INPUT MATERIAL.

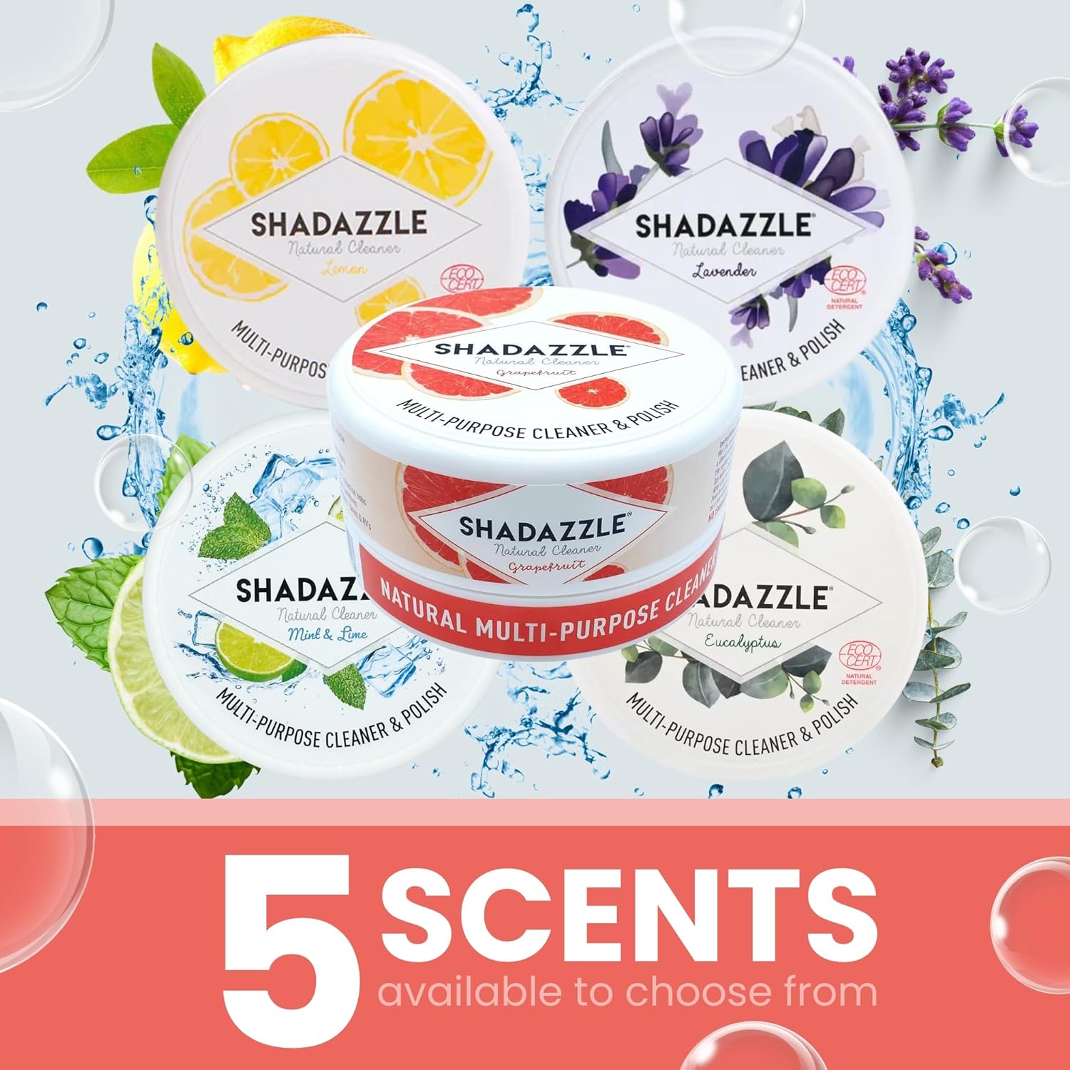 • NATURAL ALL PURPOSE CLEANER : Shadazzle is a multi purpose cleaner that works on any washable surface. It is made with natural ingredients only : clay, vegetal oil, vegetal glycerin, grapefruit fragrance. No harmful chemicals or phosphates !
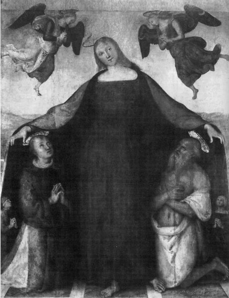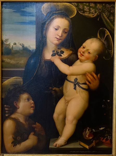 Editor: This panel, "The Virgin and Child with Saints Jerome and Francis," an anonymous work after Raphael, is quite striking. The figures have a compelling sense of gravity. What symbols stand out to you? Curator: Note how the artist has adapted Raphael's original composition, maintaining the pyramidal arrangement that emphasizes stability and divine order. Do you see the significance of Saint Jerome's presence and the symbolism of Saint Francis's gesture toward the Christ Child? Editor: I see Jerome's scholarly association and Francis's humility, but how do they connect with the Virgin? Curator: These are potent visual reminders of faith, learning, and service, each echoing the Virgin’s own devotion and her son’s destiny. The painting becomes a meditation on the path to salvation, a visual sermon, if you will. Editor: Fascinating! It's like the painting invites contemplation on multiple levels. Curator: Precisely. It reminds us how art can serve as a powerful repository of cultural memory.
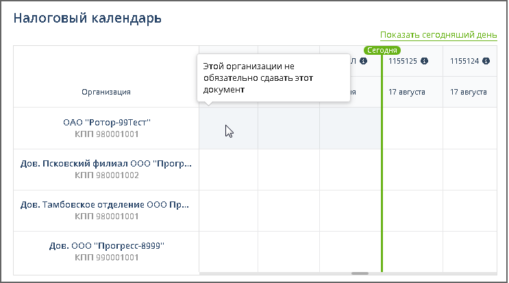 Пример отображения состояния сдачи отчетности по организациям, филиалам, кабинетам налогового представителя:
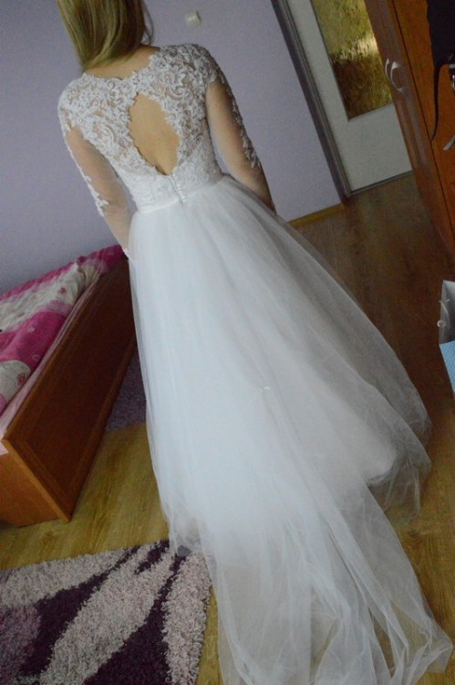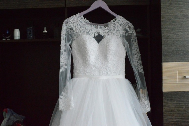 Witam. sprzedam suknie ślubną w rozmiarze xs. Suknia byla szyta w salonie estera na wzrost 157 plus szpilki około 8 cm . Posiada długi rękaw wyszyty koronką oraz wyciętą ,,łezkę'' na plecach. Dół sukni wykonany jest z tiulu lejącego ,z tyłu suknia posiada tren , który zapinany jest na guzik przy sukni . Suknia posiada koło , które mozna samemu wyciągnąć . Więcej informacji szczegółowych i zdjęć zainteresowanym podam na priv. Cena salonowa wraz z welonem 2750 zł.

==

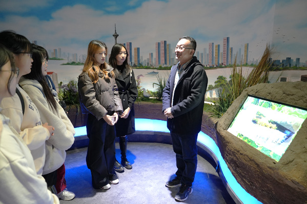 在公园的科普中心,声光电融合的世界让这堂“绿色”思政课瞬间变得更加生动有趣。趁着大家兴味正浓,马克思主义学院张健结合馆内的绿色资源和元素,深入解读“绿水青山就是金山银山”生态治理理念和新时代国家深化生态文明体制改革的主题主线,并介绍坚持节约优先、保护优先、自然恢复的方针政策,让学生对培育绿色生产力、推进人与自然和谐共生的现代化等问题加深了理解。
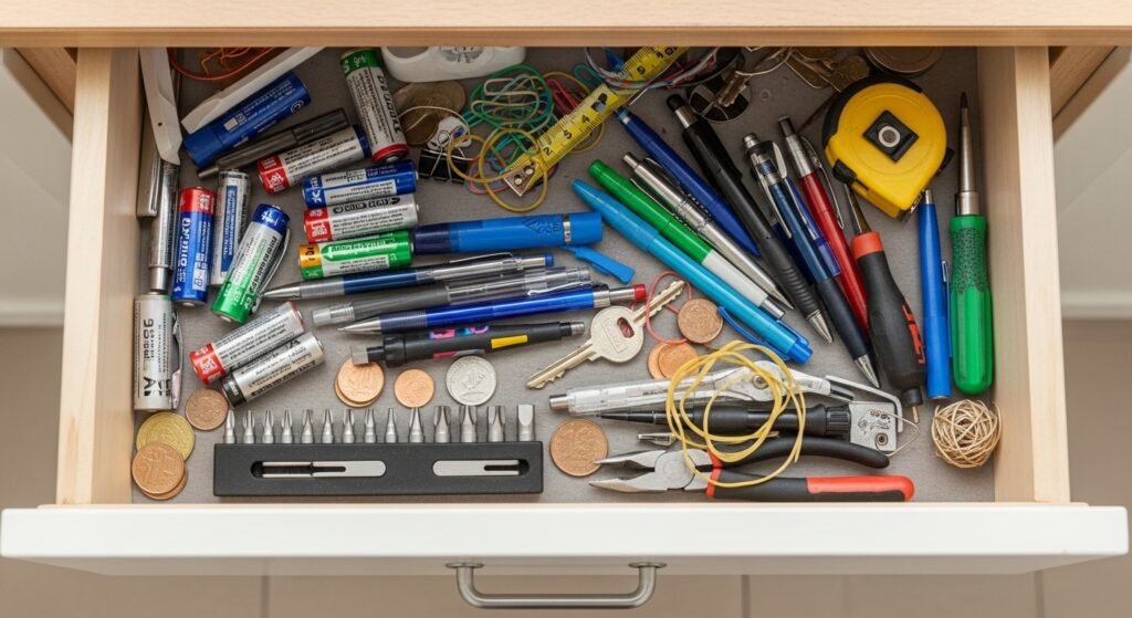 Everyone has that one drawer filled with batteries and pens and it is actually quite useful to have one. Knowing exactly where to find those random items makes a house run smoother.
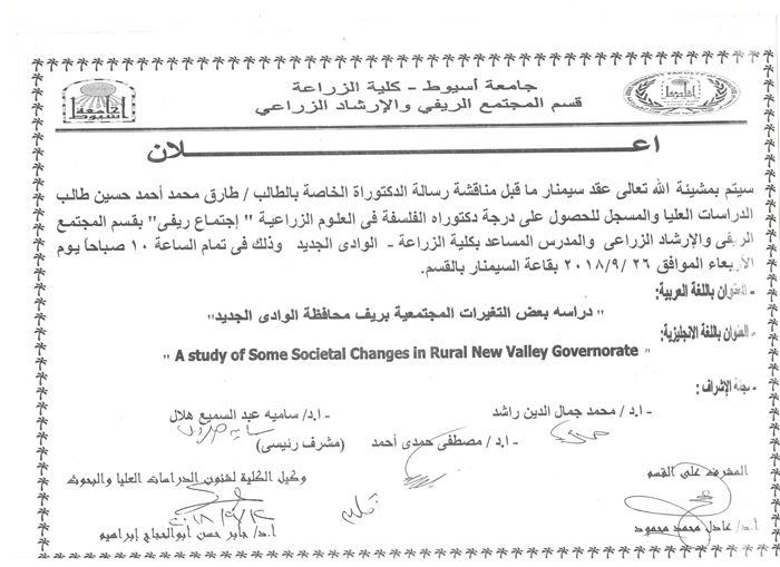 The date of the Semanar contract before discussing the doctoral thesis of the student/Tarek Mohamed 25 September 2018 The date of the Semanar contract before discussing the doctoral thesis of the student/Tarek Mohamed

==

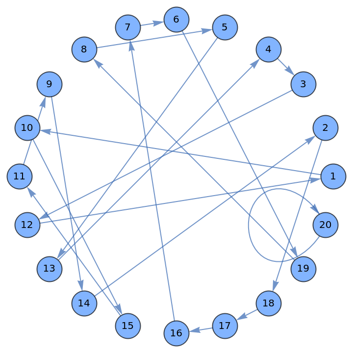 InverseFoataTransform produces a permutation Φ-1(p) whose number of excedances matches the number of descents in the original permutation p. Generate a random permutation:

EXERCISE AIM. An exact copy of the lines above from the one with "在公园的科普中心,声光电融合" up to and including the one with "student/Tarek Mohamed 25" is required; reproduce only those lines, omitting all pictures.

EXERCISE SOLUTION.
 在公园的科普中心,声光电融合的世界让这堂“绿色”思政课瞬间变得更加生动有趣。趁着大家兴味正浓,马克思主义学院张健结合馆内的绿色资源和元素,深入解读“绿水青山就是金山银山”生态治理理念和新时代国家深化生态文明体制改革的主题主线,并介绍坚持节约优先、保护优先、自然恢复的方针政策,让学生对培育绿色生产力、推进人与自然和谐共生的现代化等问题加深了理解。
 Everyone has that one drawer filled with batteries and pens and it is actually quite useful to have one. Knowing exactly where to find those random items makes a house run smoother.
 The date of the Semanar contract before discussing the doctoral thesis of the student/Tarek Mohamed 25 September 2018 The date of the Semanar contract before discussing the doctoral thesis of the student/Tarek Mohamed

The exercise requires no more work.